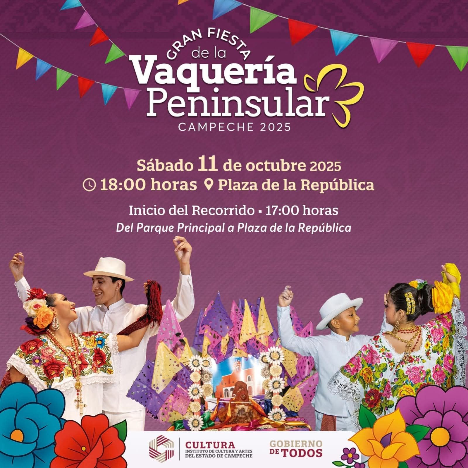 El Instituto de Cultura y Artes del Estado de Campeche invita a toda la ciudadanía a ser parte de la Gran Fiesta de la Vaquería Peninsular, un magno evento que celebra con alegría, color y orgullo una de las tradiciones más emblemáticas del sureste mexicano. Esta expresión del mestizaje maya-colonial reúne música, danza, vestimenta y espíritu comunitario, reafirmando el valor de nuestras raíces y la fuerza viva del patrimonio cultural campechano.
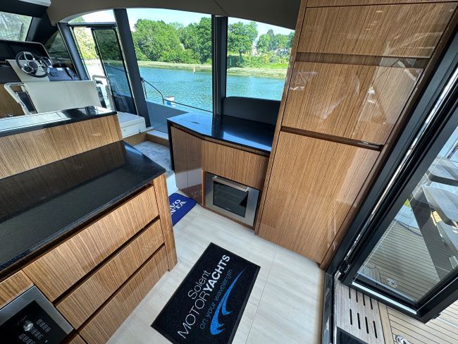 Aft galley to port with fold out drink bar to cockpit, 4 ring hob, combination oven, drawers, pop up drinks cabinet, plenty of storage and overhead locker with large fridge and spate freezer to stb with the additional wine cooler and more storage.
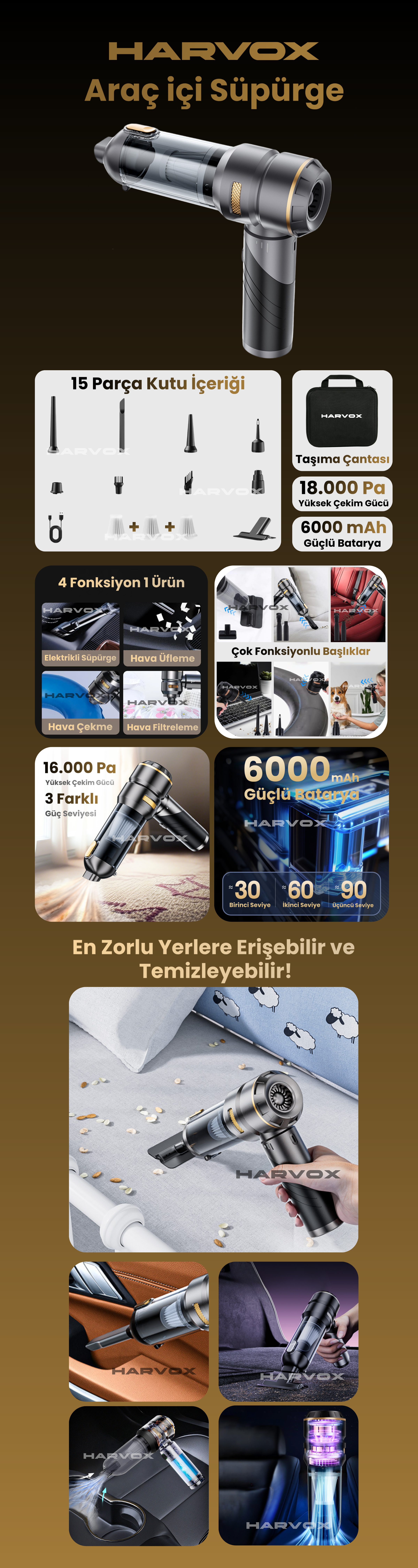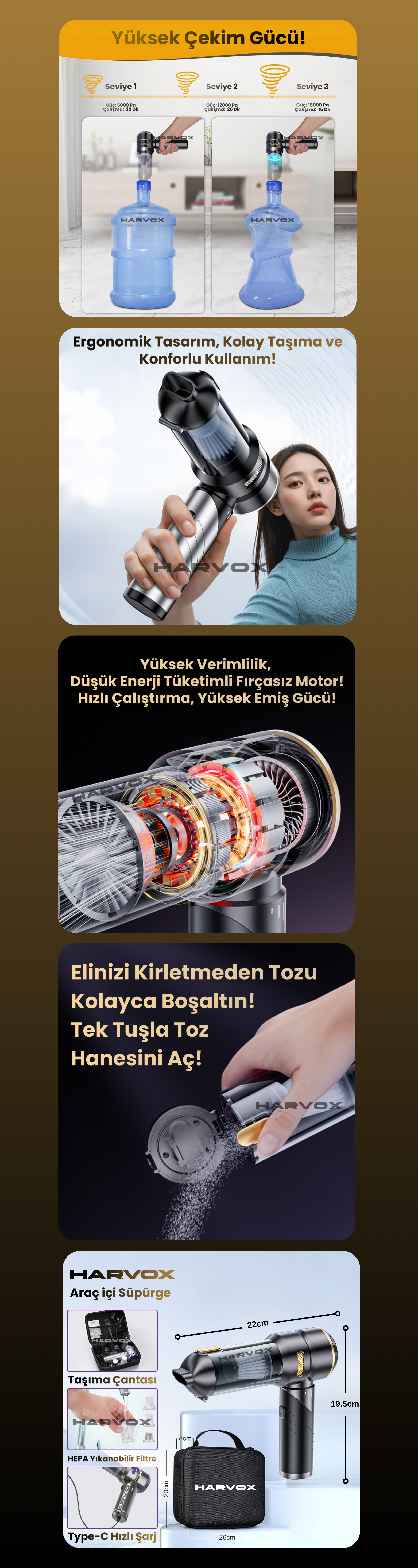 Harvox Araç İçi Süpürgesi HXVC-002 (Kahverengi - Siyah)
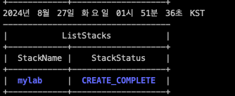 aws cloudformation describe-stacks --stack-name mylab --query 'Stacks[*].Outputs[0].OutputValue' --output text --region ap-northeast-2
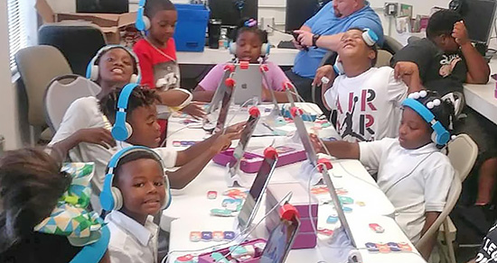 Children are learning to code during a program from the West Florida Library each week at Carver Park in Cantonment.

About this task: Print exactly, and only, the lines from the line containing "Aft galley to" to the last line of the material above, with every picture left out.

Written answer:
 Aft galley to port with fold out drink bar to cockpit, 4 ring hob, combination oven, drawers, pop up drinks cabinet, plenty of storage and overhead locker with large fridge and spate freezer to stb with the additional wine cooler and more storage.
 Harvox Araç İçi Süpürgesi HXVC-002 (Kahverengi - Siyah)
 aws cloudformation describe-stacks --stack-name mylab --query 'Stacks[*].Outputs[0].OutputValue' --output text --region ap-northeast-2
 Children are learning to code during a program from the West Florida Library each week at Carver Park in Cantonment.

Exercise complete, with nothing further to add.